There has been many threads on this, but how much you feed is as important as what you feed. You want to make sure they stay in a lean body condition. My 12 week old pup is on Innova Large Breed Puppy. She also gets fish oil and some raw (mostly lamb necks, ribs, and assorted trimmings).


----------



## Connie Sutherland (Mar 27, 2006)

Here are a few threads from a quick search (and I'm sure you will get more responses here too):

http://www.WorkingDogForum.com/vBulletin/f25/what-best-age-stop-feeding-puppy-food-why-23008/

http://www.WorkingDogForum.com/vBulletin/f25/best-dry-dog-food-13878/

http://www.workingdogforum.com/vBulletin/f25/kibble-new-puppy-15874/

http://www.workingdogforum.com/vBulletin/f25/what-best-kibble-feed-working-dogs-15409/

http://www.workingdogforum.com/vBulletin/f25/what-do-you-supplement-your-kibble-16145/


----------



## rick smith (Dec 31, 2010)

re: "There has been many threads on this"
,,,,,,,,,that might be the understatement of the year 

unless you just want to know what everyone else feeds their pups, here is s DIY method that is SURE to get good results for YOUR pup:
1. learn what ingredients a balanced canine nutrition should include
1. a. learn about pups growth rates are all about
2. learn how to interpret what dog food labels REALLY mean
3. forget what worked for someone else"s pup unless it's a clone of yours
4. learn the pros/cons of a raw diet
5. make your own informed educated choice all by yourself
...sorry this seems so hard, but life is that way sometimes


----------



## Laney Lejeune (Apr 22, 2011)

i was looking at onnova large breed puppy as well, just wanting to know what people prefer and what works for them well.


----------



## Laney Lejeune (Apr 22, 2011)

innova* typo


----------



## Tammy St.
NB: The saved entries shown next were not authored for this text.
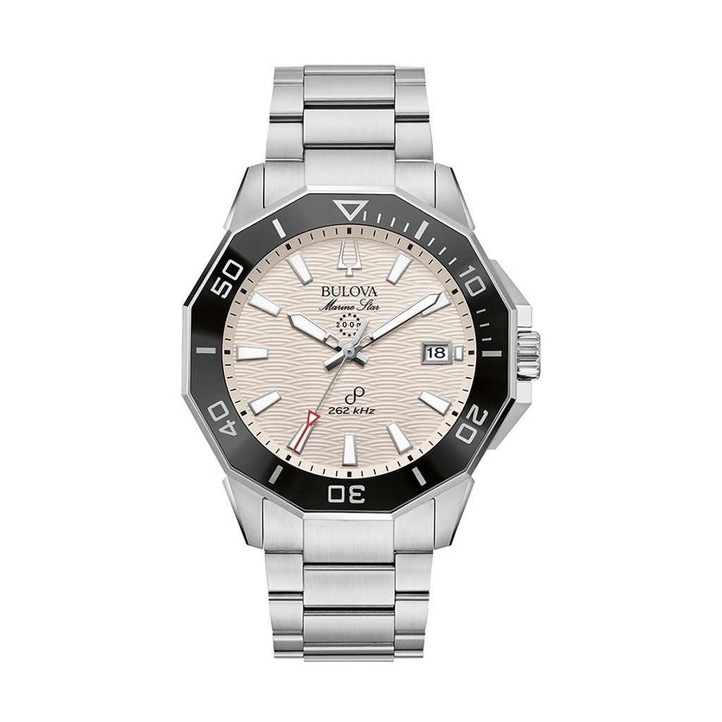 Pánské sportovní hodinky Bulova Marine Star Precisionist 96B426 na první pohled upoutají především výrazným vzhledem, světlým strukturovaným číselníkem a pouzdrem s dvanáctibokou lunetou, doplněným praktickým ocelovým náramkem.
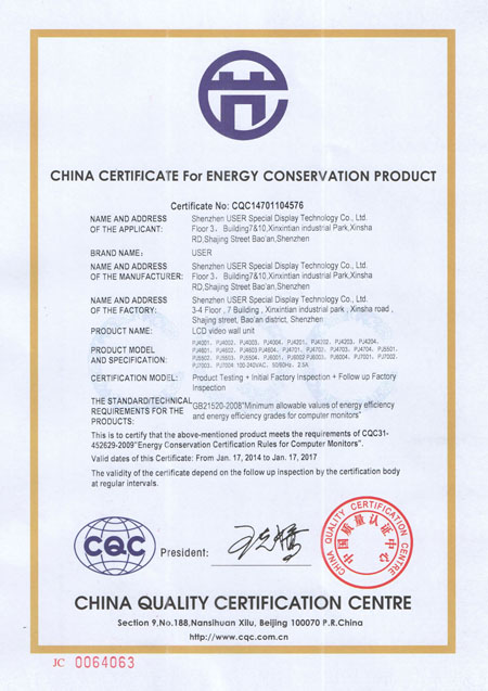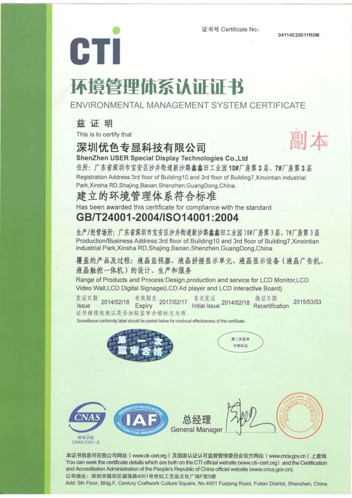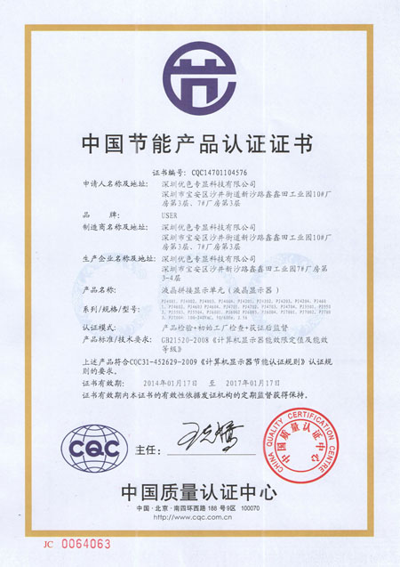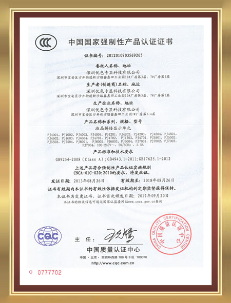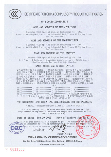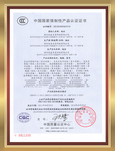 CCC認證(廣告觸控一體機(jī)英文證書)
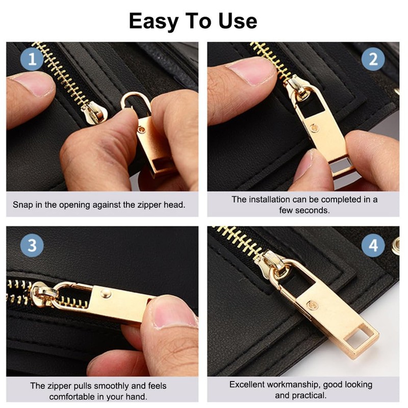 - 【Beautiful And Stylish】Jacket zipper head repair kit has 4 colors to choose from, which are silver, black, gold and gunmetal gray, but no matter which color you choose, they are all meticulously crafted with a flat, clean, mirror-like, rounded and smooth surface that feels great in your hand. The design is simple, low-profile and stylish, that can be suitable for a wide variety of clothes, bags, pants, and so on
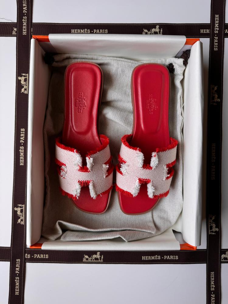 اجعلي كل خطوة أكثر أناقة وراحة مع شبشب هيرمس أوران الأحمر والأبيض. اطلبيه الآن عبر eseven store لتحصلي على هذا التصميم المميز!
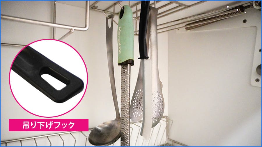 フック付だから使いたい時に簡単に使えて収納も楽々!
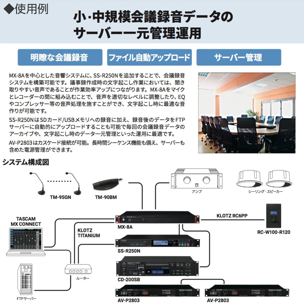 DSPエフェクターを活用可能なマトリクスミキサーを搭載。マイクや再生機器の音声を8エリア分ミックスするシステムの構築を実現します。
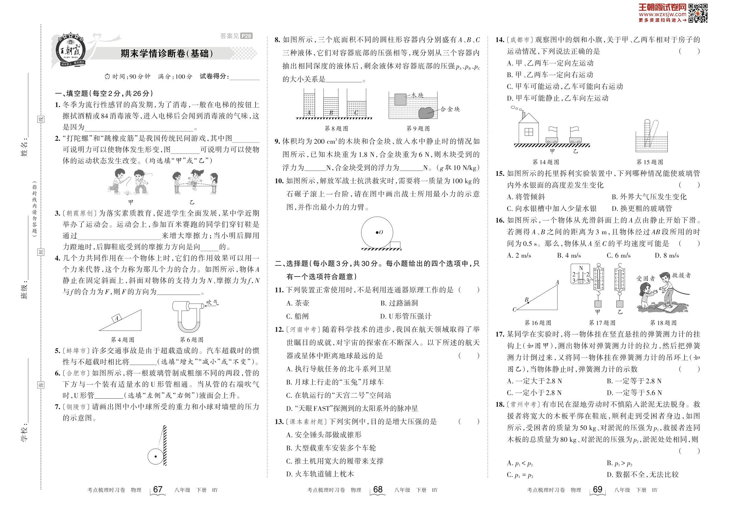 2023下册八年级物理沪粤版 期末学情诊断卷(基础)
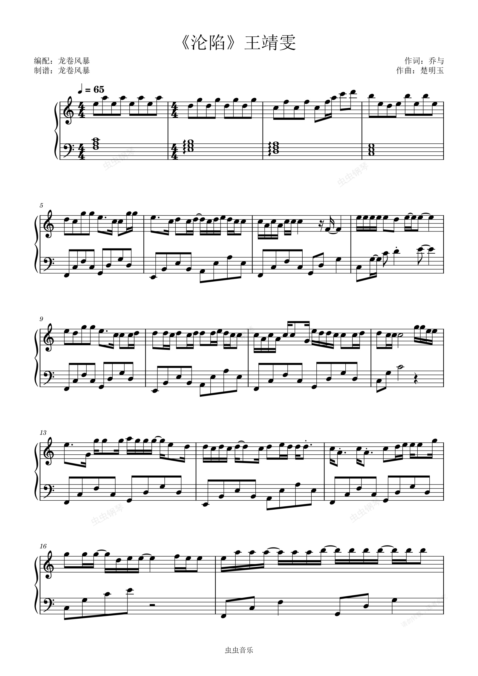 钢琴谱:《沦陷》王靖雯不胖(C调简单版)
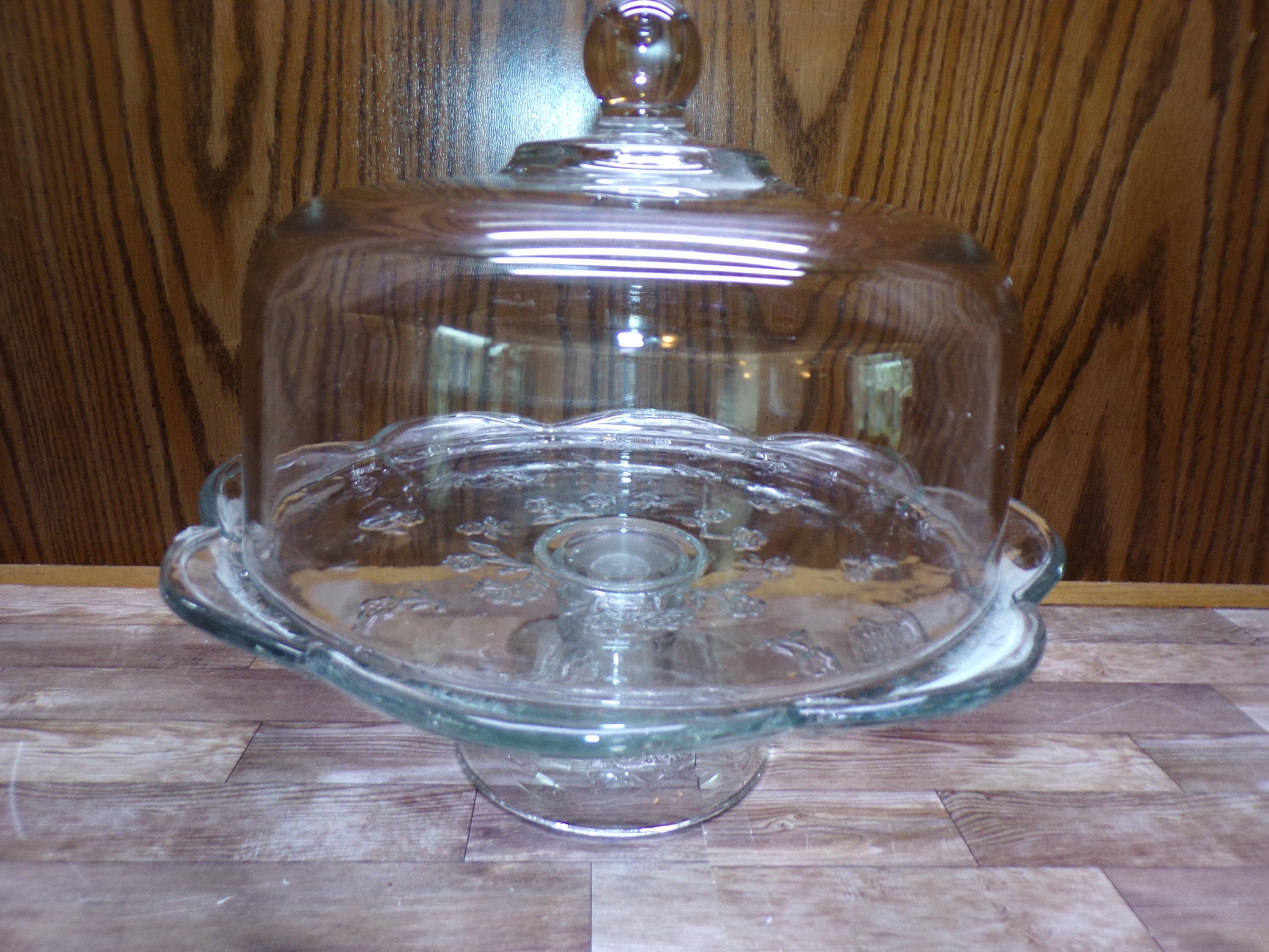 2510 Anchor Hocking Savannah Vintage 12" Footed Cake Tray Platter with 10" Dome Cover - Great Condition

Louis (Feb 17, 2010)

I feed 2 of my mals Innova and are super happy with it , dogs look amazing on it ..


----------



## Evan Stuart (May 19, 2011)

We feed ours raw. We have a couple puppies left from last litter, near the same age. They do chicken leg quarters no problem. Started them with wings weeks ago. Organ meat too. To each their own. Works good for me and my adult dogs have pearly whites, no dental issues.


----------



## Tiago Fontes (Apr 17, 2011)

Orijen puppy + raw meat (chicken, beef) and keeping them lean...

Thats my formula.


----------